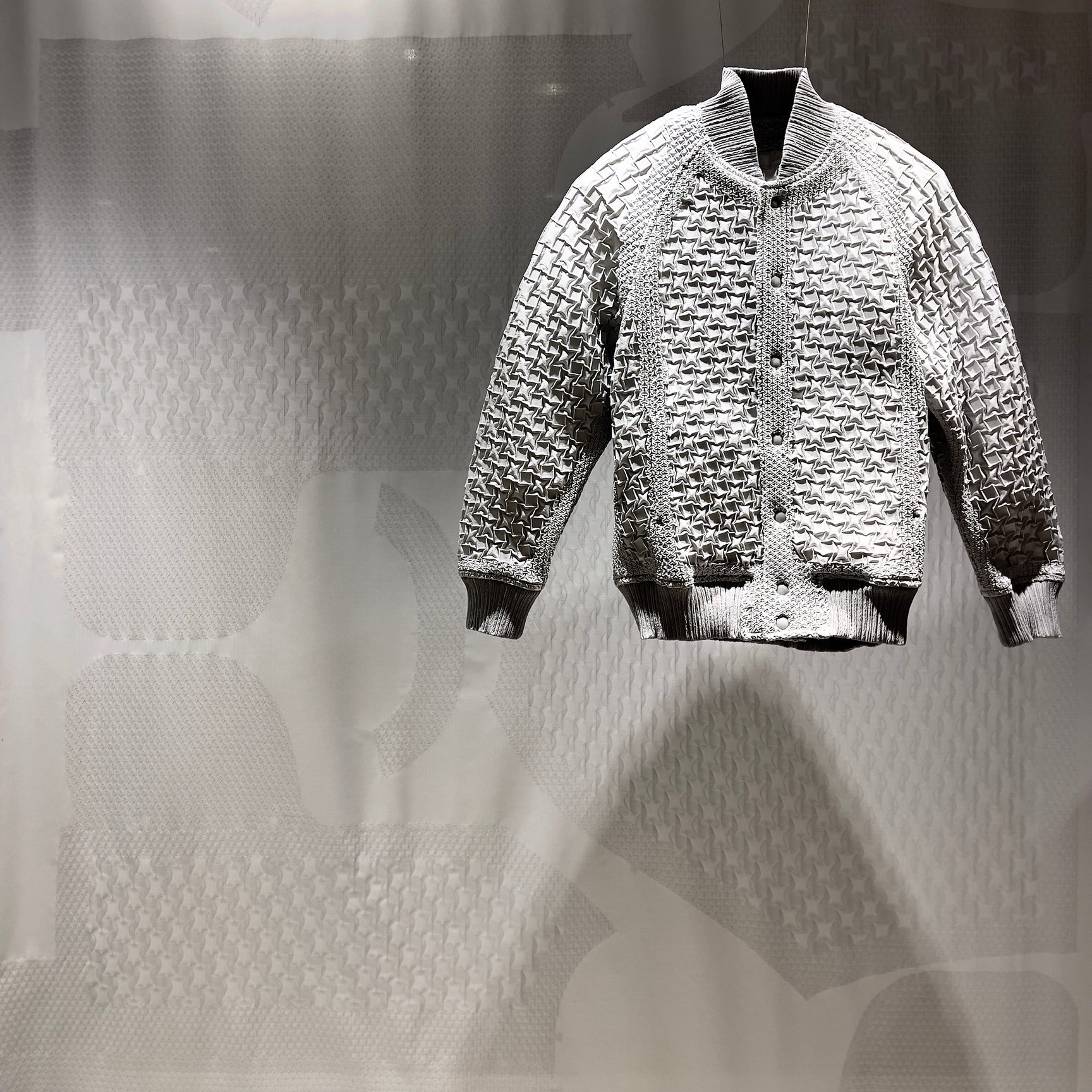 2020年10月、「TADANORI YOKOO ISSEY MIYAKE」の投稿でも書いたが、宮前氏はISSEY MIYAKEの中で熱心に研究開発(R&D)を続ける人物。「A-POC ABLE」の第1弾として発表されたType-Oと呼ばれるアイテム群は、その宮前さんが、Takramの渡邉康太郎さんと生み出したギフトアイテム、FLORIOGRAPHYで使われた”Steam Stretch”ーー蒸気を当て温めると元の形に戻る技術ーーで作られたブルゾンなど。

--

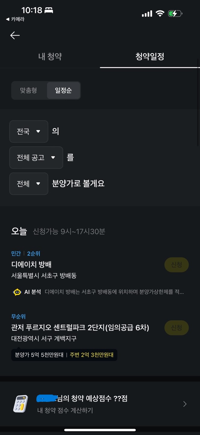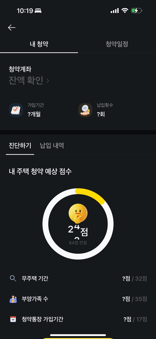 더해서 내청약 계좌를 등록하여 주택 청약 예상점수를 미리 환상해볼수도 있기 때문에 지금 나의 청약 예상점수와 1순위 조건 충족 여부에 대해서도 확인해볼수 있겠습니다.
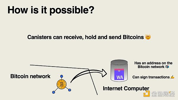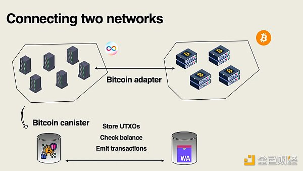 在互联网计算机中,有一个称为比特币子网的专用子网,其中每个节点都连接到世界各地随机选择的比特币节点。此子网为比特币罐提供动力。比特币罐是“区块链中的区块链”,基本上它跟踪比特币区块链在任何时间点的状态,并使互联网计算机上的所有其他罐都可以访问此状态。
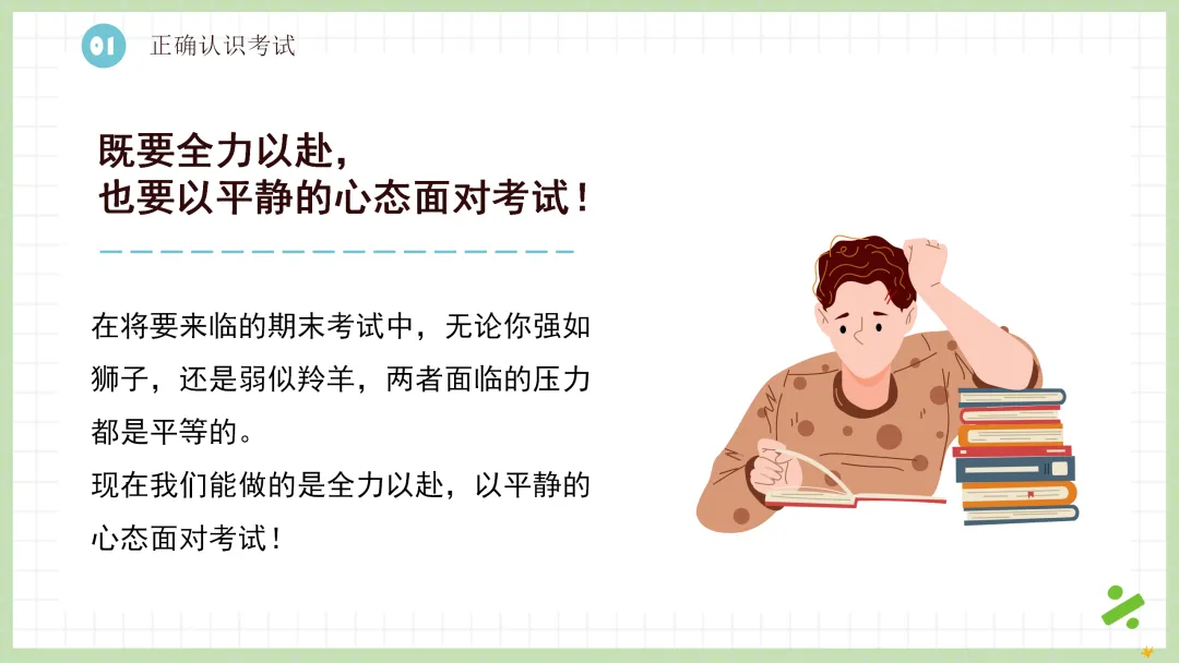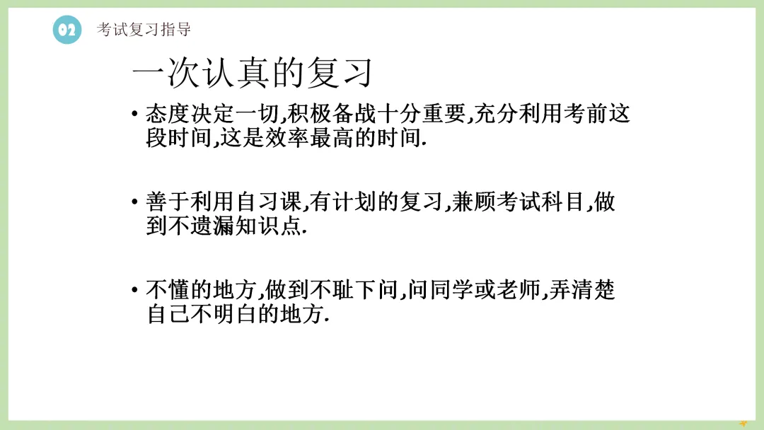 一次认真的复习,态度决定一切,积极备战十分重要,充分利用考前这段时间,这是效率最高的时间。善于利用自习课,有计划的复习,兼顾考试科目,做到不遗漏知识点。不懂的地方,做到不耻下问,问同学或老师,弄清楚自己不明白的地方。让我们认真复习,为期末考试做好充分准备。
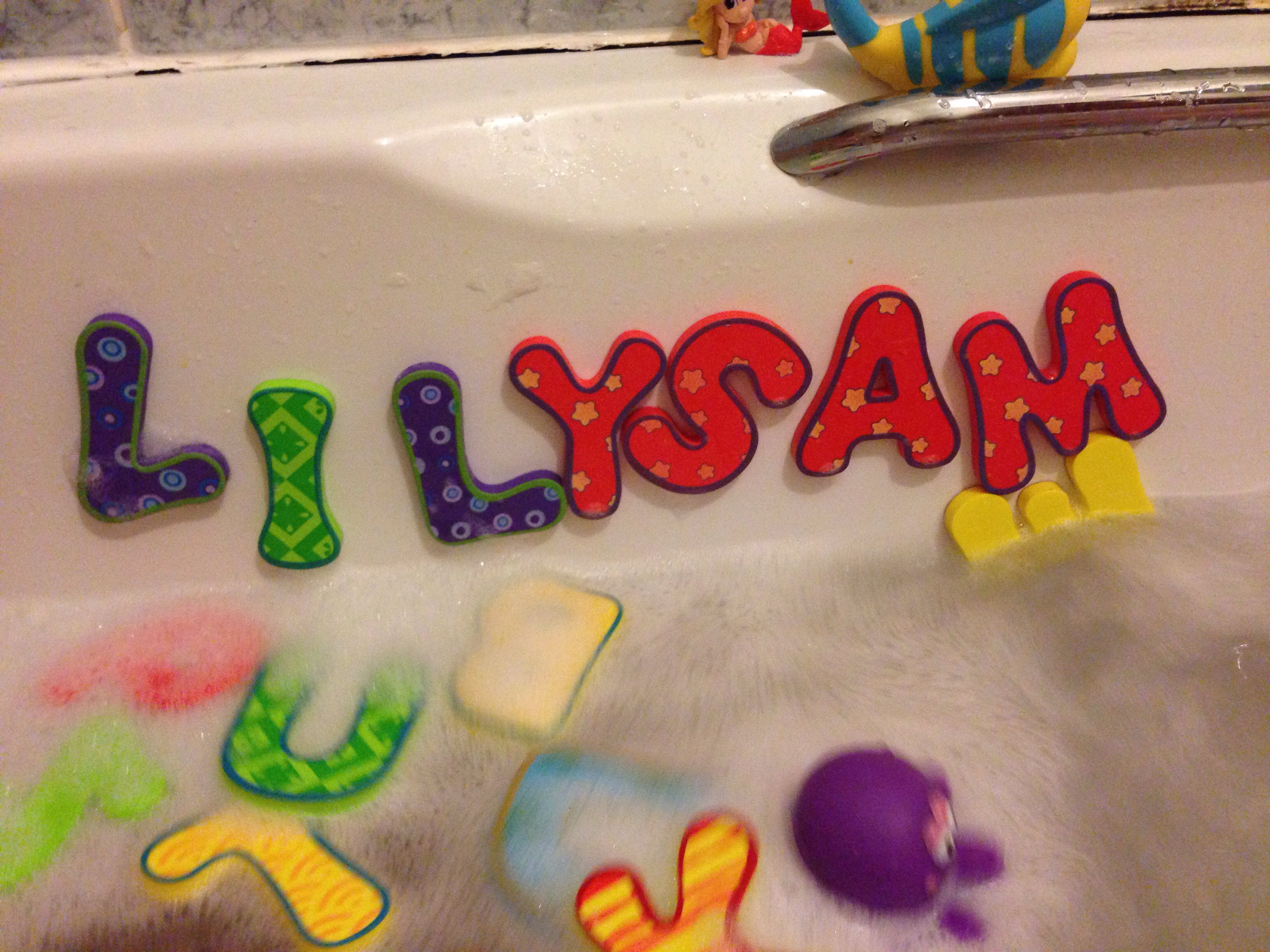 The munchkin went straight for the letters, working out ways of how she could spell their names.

---

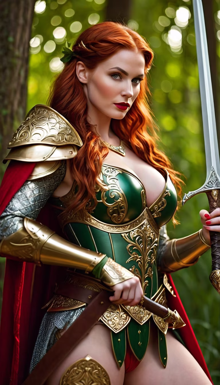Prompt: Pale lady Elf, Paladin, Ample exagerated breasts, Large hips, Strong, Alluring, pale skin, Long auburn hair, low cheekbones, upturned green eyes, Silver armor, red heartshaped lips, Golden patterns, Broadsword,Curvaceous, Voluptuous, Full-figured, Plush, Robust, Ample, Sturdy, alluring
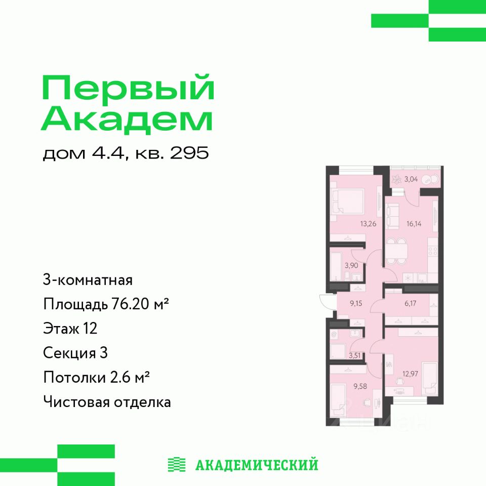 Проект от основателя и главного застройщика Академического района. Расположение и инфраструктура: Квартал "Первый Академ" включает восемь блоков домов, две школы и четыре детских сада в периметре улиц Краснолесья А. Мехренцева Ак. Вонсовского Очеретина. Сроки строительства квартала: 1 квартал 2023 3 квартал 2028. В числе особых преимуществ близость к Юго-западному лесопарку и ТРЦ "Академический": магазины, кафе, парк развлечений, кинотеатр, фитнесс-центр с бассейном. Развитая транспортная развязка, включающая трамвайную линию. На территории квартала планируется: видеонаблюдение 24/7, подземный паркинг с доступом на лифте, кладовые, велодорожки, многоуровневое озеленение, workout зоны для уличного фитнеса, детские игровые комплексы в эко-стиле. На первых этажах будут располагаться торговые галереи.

What the task requires: Would you print exactly the lines in the listing above, from the line bearing "더해서 내청약 계좌를" through the line bearing "The munchkin went", leaving out all pictures?

Task answer:
 더해서 내청약 계좌를 등록하여 주택 청약 예상점수를 미리 환상해볼수도 있기 때문에 지금 나의 청약 예상점수와 1순위 조건 충족 여부에 대해서도 확인해볼수 있겠습니다.
 在互联网计算机中,有一个称为比特币子网的专用子网,其中每个节点都连接到世界各地随机选择的比特币节点。此子网为比特币罐提供动力。比特币罐是“区块链中的区块链”,基本上它跟踪比特币区块链在任何时间点的状态,并使互联网计算机上的所有其他罐都可以访问此状态。
 一次认真的复习,态度决定一切,积极备战十分重要,充分利用考前这段时间,这是效率最高的时间。善于利用自习课,有计划的复习,兼顾考试科目,做到不遗漏知识点。不懂的地方,做到不耻下问,问同学或老师,弄清楚自己不明白的地方。让我们认真复习,为期末考试做好充分准备。
 The munchkin went straight for the letters, working out ways of how she could spell their names.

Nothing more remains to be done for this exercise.